Le XV de France U18 a souffert avant d’imposer sa loi contre la Géorgie, s’imposant finalement 49-22 dans l’ouverture du Festival des Six Nations masculin. Ce succès, plus laborieux que prévu, soulève autant d’enseignements sur la progression des Bleuets que sur la montée en puissance du rugby géorgien chez les jeunes.
Un départ maîtrisé, puis des alarmes
Les Français ont démarré fort : le pack a franchi la ligne sur un groupé pénétrant, puis les lignes arrières ont enchaîné. Après une belle combinaison initiée par Jules Saïd, Ilian Sonko Bazin a aplati pour ouvrir le compteur des Bleuets.
Mais la Géorgie n’est pas venue en simple figurante. Les visiteurs ont répondu par un essai puissant et un coup de pied de pénalité, ramenant la partie à portée avant la pause. Un contre offensif conclu par Jules Freynet a toutefois permis à la France de virer en tête, 21-10 à la mi-temps.

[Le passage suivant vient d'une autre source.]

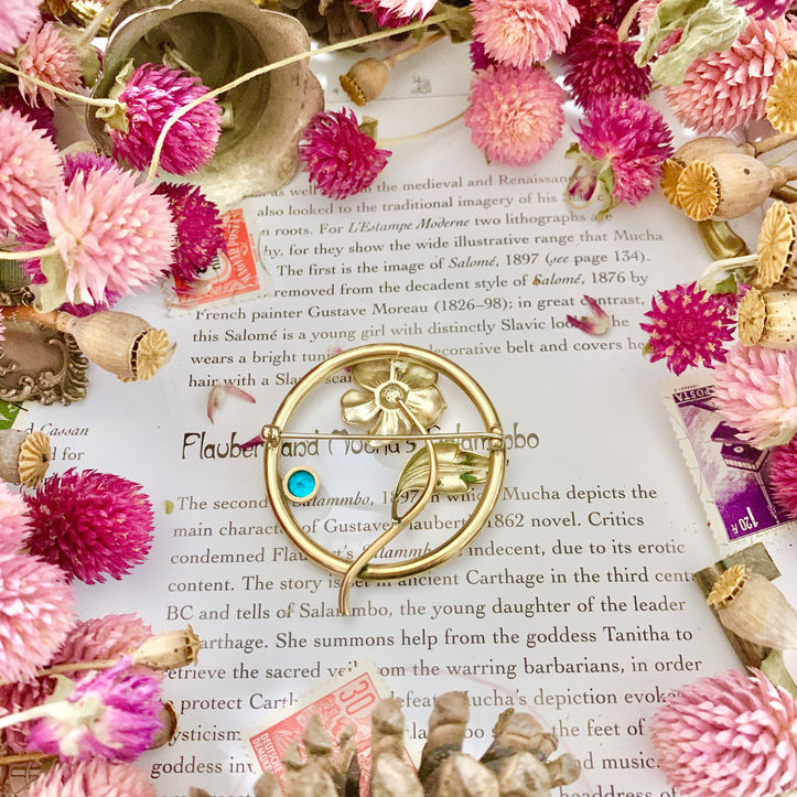 可愛的小花小品胸針在夏日裡瑩瑩綻放,框上點綴一顆少見的水藍萊茵,恰似波光粼粼的海面般,帶著活力又沁涼的氣息。雙色包金非常雅緻,尺寸合宜,很適合別在上身或帽子上啊。

La réaction française et la ténacité géorgienne
Après la reprise, les Géorgiens ont de nouveau montré de belles ressources collectives et ont concrétisé leur domination passagère par un essai remarquable. Les Bleus ont alors resserré le jeu.
Une percée de Louis Favrau a débouché sur un essai transformé par Marius Audemars Ghion, puis l’équipe a enchaîné pour signer trois autres essais, dont l’un inscrit après la sirène par Jules Saïd, auteur d’une prestation remarquée.
- Score final : 49-22 en faveur de la France.
- Moments décisifs : groupé pénétrant initial, réplique géorgienne, reprise d’intensité en seconde période.
- Auteurs d’essais : Ilian Sonko Bazin, Jules Freynet, Marius Audemars Ghion, Jules Saïd et autres contributeurs du pack et de l’arrière.
- Enjeu : confirmation du potentiel français U18 face à une équipe géorgienne ambitieuse.
Le score reflète une victoire nette, mais le contenu tempère l’euphorie : la France a dû plusieurs fois reprendre l’initiative et corriger des failles défensives exploitées par les Géorgiens.
Sur le plan collectif, la prestation livre des enseignements clairs pour le staff : travailler la discipline et la continuité de jeu afin d’éviter des périodes de doute qui pourraient coûter cher face à des adversaires en progression.
Que retenir pour le tournoi ?
Ce match montre que le groupe français possède des arguments offensifs suffisants pour marquer régulièrement, mais aussi que l’équilibre n’est pas encore stabilisé. Pour la Géorgie, l’affirmation est tout aussi nette : elle n’est plus simplement là pour compléter le calendrier et peut poser des problèmes aux favoris.
À retenir également : la journée précédente, les Bleuettes avaient débuté le Festival féminin par une victoire marquante contre l’Irlande, un signe, là encore, que les pôles jeunes français restent compétitifs dans les deux tableaux.
La suite du calendrier décidera si ce succès est le point de départ d’un parcours serein pour les Bleuets ou une alerte précoce à corriger. Les prochains rendez-vous permettront d’y voir plus clair.